Tooth Size, Shape, and Color Considerations
What’s important about the tooth size and shape lies primarily with the widths of the teeth, Javaheri says. If dentists are just adding porcelain and they’re not reducing any tooth structure in between the teeth, they limit what the laboratory can do to change the size of teeth.
“If we have the two central incisors that are being restored and one is 1 mm larger than the other one, it will still be 1 mm larger than the other one afterwards if it is not prepared,” Javaheri explains.
There is no one technique of anything that works for every patient, explains Ed McLaren, DDS. When it comes to veneers, many times clinicians need to slightly lingualize teeth for the final esthetic result. This requires some preparations, he says.
Two other important esthetic considerations that will determine if a veneer can be prep-less, McLaren says, are:
- Is it going to be additive (ie, do you want to increase the volume of the tooth esthetically)?
- Is the shade of the tooth going to change? Note that you need 0.2 mm thickness of veneer for each shade grouping change (ie, A1 to A0 is one group; A2 to A0 would be two groups).

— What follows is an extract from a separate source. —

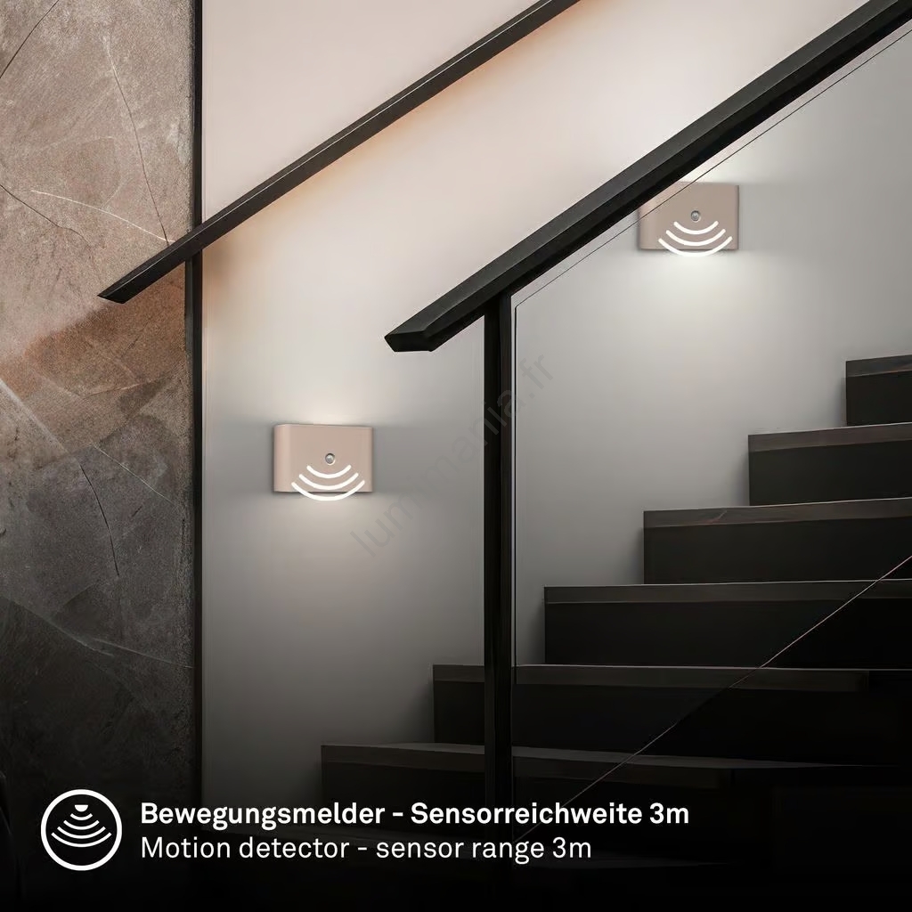• Briloner 3878011 - Applique murale LED rechargeable avec capteur de mouvement et crépusculaire CHAT LED/3W/5V 2000 mAh beige

“The reality is that we have certain physical and anatomical limitations within which we can work and have something that, number one, looks good, but even more importantly, remains in what we call the confines of physiologic contours of the crowns,” explains Donovan. “Teeth are made to be shaped a certain way, and if we don’t prepare the tooth, then we’re simply adding on to it.”
Answering the earlier question of whether the case is additive and to what extent, or not, determines the need for preparation. Adding porcelain to the labial surface, or to the incisal edge, could result in over-contouring, Donovan says. As a result, most of the time in most patients, clinicians need to provide very specific preparations that allow for veneers that look good within the confines of physiologic contours, he believes.
According to Bakeman, situations that can accept additive-only protocols typically call for thin veneers to control bulk and minimize over-contouring. Thin veneers take advantage of the optical properties of the underlying tooth structure and, as a result, can be highly esthetic, she says. That of course requires the underlying tooth structure to be of an acceptable range and need minimal, if any, shift in color. The need to change color requires greater room for a variety of porcelains to facilitate a significant color shift.
“Certainly the design of the preparation is important. However, the most important factor to consider is the preservation of enamel. More extensive preparations have an effect on the flexure of the tooth, which can in turn have an influence in adhesive failures,” Bakeman says. “Studies have demonstrated that adhesive failures, which in their early phases are not detected clinically, are quickly followed by catastrophic failures of the porcelain. While it may appear that the porcelain fractured and that was followed by an adhesive failure, the reverse is more likely to be true.”
“The preparation of a virgin tooth is part of an overall treatment plan, and that doesn’t come into play too many times in my geographical area,” observes Michael R. Sesemann, DDS. “When it does, I’ve utilized on incisors both the overlap chamfer design and a butt joint coming off of the incisal edge, and both work really well with the incisors.”
With canines, what influences his preparation design is the presence of significant previous dentistry, Sesemann says. When there are a number of Class 3 composites on anterior teeth or various areas of erosion or attrition, those factor into the preparation design when treatment planning and diagnosing a particular restorative solution, he says.